Photo by Keith Luke on Unsplash
# Load Libraries #
library(dplyr)
library(tidyr)
library(glmnet)
library(caret)
library(rpart)
library(gbm)
library(rsample)
library(plotly)
library(readr)
library(reticulate)

# Read in Data #
data <- read.csv("...KD Data.csv")

# Declare Year Variables #
year <- data[,1]

# Declare numeric x variables #
numeric <- data[,c(2,3,4)]

# Scale numeric x variables
scaled_x <- scale(numeric)
# check that we get mean of 0 and sd of 1
colMeans(scaled_x)
apply(scaled_x, 2, sd)

Make sure numeric data columns are scaled.
#Declare y variable #
y <- data[,6]

# One-Hot Encoding #
data$Weather <- as.factor(data$Weather)
xfactors <- model.matrix(data$Year ~ data$Weather)[, -1]

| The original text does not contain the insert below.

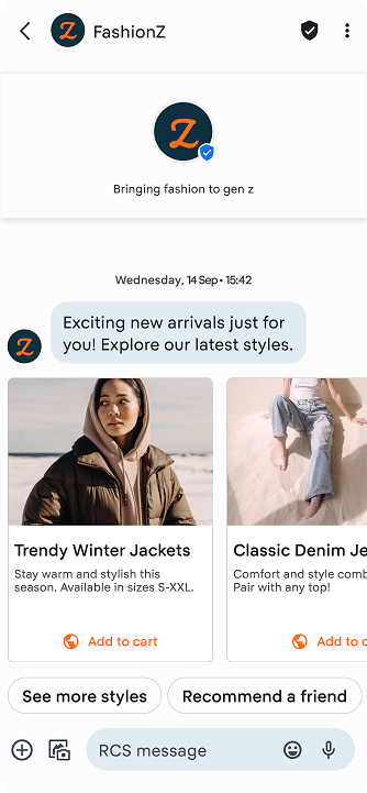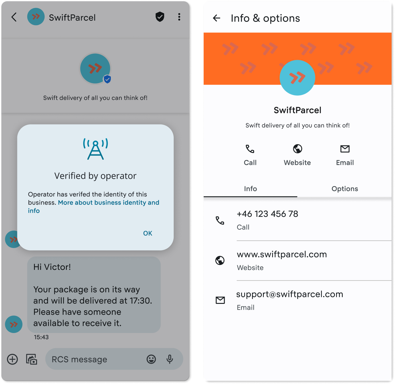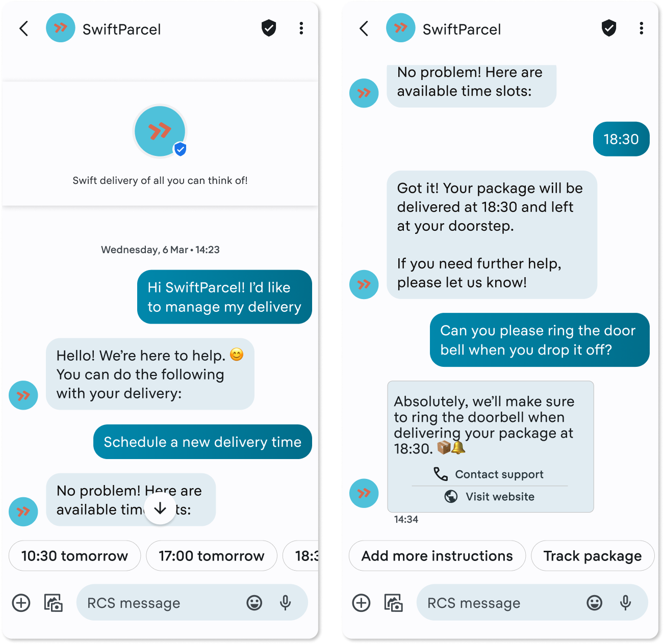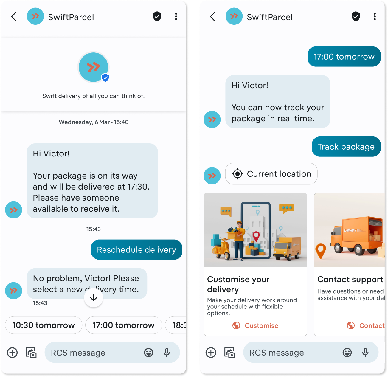 RCS für Business Messaging (RBM) hebt Ihre Kundenkommunikation auf die nächste Stufe. Es bietet ein markenbezogenes, vertrauenswürdiges Format, das es Kunden erleichtert, Maßnahmen zu ergreifen – sei es ein Kauf, die Inanspruchnahme von Support oder die Buchung einer Dienstleistung. Mit integrierten Sicherheitsfunktionen, verifizierten Absendern und modernen Features bietet RCS einen Kommunikationskanal, der sowohl ansprechend ist als auch einen echten geschäftlichen Mehrwert bietet.

# Bring prepped data all back together #
scaled_df <- as.data.frame(cbind(year,y,scaled_x,xfactors))

# Isolate pre-2023 data #
old_data <- scaled_df[-1,]
new_data <- scaled_df[1,]

# Gradient Boosted Machine #
# Find Max Interaction Depth #
floor(sqrt(NCOL(old_data)))

GBM has a maximum depth of 3.
# Find Optimal n.trees #
tree_mod <- gbm(
formula = y ~ .,
distribution = "gaussian",
data = old_data,
shrinkage = 0.001, #Small dataset so small shrinkage
interaction.depth = 3, #Determined above
n.minobsinnode = 10, #Default
bag.fraction = 0.99, #Small dataset, so this has to be large
n.trees = 1000,
n.cores = NULL, # will use all cores by default
verbose = FALSE
)

# find index for n trees with minimum CV error
best.iter <- gbm.perf(tree_mod, method="OOB", plot.it=TRUE, oobag.curve=TRUE, overlay=TRUE)
print(best.iter)

Plot showing the optimal number of trees to reduce the OOB change in squared error loss.
500 trees is optimal for GBM.
# Full GBM Model #
GBM <- gbm(y ~ .,
distribution = "gaussian",
data = old_data,
n.trees = 500,
interaction.depth = 3,
shrinkage = 0.001,
n.minobsinnode = 10,
bag.fraction = 0.99,
train.fraction = 1,
n.cores = NULL,
verbose = FALSE
)
# 2023 Kentucky Derby Data #
GBM_Prediction <- predict(GBM, new_data,
n.trees = 500,
distribution = "gaussian",
shrinkage = 0.001,
interaction.depth = 3,
n.minobsinnode = 10,
bag.fraction = 0.99,
train.fraction = 1,
n.cores = NULL,
verbose = FALSE
)
The 2023 Kentucky Derby winning time is predicted to be 122.12 seconds or 2 minutes and 2.12 seconds.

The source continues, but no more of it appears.